Output exactly the lines that run from the top of the entries to the line holding "11dílný zahradní sedací", including both of those lines.
☆ ☆ ☆ ☆
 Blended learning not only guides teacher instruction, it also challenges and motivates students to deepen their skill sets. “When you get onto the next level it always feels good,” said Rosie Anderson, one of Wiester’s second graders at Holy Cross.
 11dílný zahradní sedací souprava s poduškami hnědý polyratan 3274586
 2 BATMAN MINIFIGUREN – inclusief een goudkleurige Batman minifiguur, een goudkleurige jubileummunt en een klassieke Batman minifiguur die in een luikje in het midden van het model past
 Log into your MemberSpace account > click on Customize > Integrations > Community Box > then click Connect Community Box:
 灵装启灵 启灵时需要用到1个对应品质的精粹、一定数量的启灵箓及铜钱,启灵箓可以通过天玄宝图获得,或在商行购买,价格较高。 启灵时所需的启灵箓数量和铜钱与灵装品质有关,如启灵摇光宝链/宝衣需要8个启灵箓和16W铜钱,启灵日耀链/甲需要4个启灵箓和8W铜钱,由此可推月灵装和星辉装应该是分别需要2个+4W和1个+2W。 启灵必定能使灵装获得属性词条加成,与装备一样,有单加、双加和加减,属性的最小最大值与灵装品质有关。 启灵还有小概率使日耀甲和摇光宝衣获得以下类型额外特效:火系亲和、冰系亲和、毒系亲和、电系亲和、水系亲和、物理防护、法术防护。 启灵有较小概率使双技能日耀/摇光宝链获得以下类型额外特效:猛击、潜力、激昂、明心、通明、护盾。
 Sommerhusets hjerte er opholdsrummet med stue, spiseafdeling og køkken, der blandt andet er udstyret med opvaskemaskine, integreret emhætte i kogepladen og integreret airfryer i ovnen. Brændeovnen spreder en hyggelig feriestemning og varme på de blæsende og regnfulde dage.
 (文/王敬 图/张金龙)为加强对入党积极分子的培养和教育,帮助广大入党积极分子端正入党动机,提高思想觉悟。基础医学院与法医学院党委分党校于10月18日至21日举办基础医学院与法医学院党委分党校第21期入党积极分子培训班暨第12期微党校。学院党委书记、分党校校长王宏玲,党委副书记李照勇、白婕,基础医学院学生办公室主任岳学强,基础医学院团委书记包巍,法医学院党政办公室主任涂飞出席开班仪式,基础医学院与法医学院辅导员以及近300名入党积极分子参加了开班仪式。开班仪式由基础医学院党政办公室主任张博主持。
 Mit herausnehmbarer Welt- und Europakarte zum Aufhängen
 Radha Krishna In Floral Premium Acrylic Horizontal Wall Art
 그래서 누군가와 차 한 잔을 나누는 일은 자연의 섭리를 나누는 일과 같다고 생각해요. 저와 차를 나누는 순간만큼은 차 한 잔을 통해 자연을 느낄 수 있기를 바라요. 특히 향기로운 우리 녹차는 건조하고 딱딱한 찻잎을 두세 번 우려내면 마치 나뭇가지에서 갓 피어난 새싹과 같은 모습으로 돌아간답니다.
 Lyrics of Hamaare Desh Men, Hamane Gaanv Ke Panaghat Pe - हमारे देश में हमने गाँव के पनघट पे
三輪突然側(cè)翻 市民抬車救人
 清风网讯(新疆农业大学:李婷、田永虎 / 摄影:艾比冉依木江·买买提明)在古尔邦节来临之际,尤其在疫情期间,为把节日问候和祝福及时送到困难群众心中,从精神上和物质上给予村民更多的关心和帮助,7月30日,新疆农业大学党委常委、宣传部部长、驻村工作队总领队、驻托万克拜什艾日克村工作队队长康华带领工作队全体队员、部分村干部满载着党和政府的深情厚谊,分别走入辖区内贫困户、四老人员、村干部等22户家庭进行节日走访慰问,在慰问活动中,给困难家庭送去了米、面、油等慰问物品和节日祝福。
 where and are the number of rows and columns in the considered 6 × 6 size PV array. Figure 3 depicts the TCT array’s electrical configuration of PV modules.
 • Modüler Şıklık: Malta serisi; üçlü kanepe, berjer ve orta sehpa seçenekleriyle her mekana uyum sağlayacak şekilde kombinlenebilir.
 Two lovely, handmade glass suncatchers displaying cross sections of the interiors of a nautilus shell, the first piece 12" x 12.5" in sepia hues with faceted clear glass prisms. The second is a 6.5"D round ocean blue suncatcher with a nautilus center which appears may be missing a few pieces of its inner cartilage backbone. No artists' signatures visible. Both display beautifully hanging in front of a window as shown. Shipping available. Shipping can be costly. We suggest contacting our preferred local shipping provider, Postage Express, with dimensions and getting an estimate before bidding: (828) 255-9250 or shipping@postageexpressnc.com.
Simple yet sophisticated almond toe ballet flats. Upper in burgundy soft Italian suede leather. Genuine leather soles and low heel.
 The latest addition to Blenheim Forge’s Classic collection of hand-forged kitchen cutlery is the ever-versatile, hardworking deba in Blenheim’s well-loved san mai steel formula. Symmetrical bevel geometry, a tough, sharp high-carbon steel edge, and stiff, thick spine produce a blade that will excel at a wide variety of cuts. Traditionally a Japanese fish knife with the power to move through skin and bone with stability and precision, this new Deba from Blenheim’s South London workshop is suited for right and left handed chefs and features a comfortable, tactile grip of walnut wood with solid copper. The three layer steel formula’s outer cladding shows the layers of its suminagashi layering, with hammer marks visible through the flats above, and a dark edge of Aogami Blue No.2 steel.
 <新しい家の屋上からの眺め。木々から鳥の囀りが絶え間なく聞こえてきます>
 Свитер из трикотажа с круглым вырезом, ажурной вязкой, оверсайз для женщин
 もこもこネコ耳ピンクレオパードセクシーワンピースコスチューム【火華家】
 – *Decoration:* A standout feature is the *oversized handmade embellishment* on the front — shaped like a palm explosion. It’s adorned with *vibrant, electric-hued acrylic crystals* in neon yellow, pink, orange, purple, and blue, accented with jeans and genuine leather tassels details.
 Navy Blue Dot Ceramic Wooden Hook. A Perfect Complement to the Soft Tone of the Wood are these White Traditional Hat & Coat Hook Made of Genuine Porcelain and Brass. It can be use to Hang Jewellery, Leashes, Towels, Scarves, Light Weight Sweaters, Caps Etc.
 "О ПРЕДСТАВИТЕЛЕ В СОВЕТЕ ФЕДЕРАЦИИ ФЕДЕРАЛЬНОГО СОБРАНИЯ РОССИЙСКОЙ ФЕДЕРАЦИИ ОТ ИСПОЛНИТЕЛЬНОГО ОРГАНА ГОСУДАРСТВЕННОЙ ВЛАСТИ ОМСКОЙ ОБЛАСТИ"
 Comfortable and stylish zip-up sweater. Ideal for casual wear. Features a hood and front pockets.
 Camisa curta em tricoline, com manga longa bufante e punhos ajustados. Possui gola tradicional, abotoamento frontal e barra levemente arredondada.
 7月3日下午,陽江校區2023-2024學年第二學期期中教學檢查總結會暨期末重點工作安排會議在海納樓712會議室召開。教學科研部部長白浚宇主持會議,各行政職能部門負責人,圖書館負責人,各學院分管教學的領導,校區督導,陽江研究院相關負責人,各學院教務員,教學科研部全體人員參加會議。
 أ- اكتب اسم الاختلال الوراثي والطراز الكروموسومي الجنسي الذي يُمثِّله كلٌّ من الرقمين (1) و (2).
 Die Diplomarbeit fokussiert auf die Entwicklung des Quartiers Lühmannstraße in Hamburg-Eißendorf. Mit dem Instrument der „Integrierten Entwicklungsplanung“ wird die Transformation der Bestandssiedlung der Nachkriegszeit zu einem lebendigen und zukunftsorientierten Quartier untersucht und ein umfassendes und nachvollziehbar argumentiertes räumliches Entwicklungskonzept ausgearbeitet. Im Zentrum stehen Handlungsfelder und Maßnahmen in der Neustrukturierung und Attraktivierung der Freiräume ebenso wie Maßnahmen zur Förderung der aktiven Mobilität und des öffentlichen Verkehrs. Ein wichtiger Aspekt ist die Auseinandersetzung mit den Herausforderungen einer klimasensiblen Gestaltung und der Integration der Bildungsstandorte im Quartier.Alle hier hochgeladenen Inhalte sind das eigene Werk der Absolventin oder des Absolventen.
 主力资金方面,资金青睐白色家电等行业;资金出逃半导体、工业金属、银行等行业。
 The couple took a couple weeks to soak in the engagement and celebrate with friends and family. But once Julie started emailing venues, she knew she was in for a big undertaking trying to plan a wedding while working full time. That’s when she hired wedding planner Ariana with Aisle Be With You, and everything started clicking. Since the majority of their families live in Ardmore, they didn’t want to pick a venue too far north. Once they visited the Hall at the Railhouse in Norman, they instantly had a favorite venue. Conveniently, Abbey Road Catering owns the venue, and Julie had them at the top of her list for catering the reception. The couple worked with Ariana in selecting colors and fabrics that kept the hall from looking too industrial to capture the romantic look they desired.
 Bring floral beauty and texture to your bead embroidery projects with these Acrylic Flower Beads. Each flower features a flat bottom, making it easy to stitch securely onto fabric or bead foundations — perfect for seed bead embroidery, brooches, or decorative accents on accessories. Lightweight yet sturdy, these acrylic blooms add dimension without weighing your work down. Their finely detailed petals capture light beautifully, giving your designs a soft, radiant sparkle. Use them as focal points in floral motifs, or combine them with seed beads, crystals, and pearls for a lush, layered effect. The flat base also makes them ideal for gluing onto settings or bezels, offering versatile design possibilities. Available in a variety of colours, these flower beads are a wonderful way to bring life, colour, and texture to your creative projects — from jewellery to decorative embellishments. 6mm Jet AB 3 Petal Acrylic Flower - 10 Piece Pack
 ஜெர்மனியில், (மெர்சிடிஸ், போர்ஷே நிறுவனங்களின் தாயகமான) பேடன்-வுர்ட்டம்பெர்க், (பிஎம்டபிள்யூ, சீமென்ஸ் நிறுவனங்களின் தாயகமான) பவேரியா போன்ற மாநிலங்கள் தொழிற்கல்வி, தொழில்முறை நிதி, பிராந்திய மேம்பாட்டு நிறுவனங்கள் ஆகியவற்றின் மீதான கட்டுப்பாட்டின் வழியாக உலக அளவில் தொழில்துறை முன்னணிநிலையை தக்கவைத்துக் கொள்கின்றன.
☆ ☆ ☆ ☆
- **Result of this task**:
 Blended learning not only guides teacher instruction, it also challenges and motivates students to deepen their skill sets. “When you get onto the next level it always feels good,” said Rosie Anderson, one of Wiester’s second graders at Holy Cross.
 11dílný zahradní sedací souprava s poduškami hnědý polyratan 3274586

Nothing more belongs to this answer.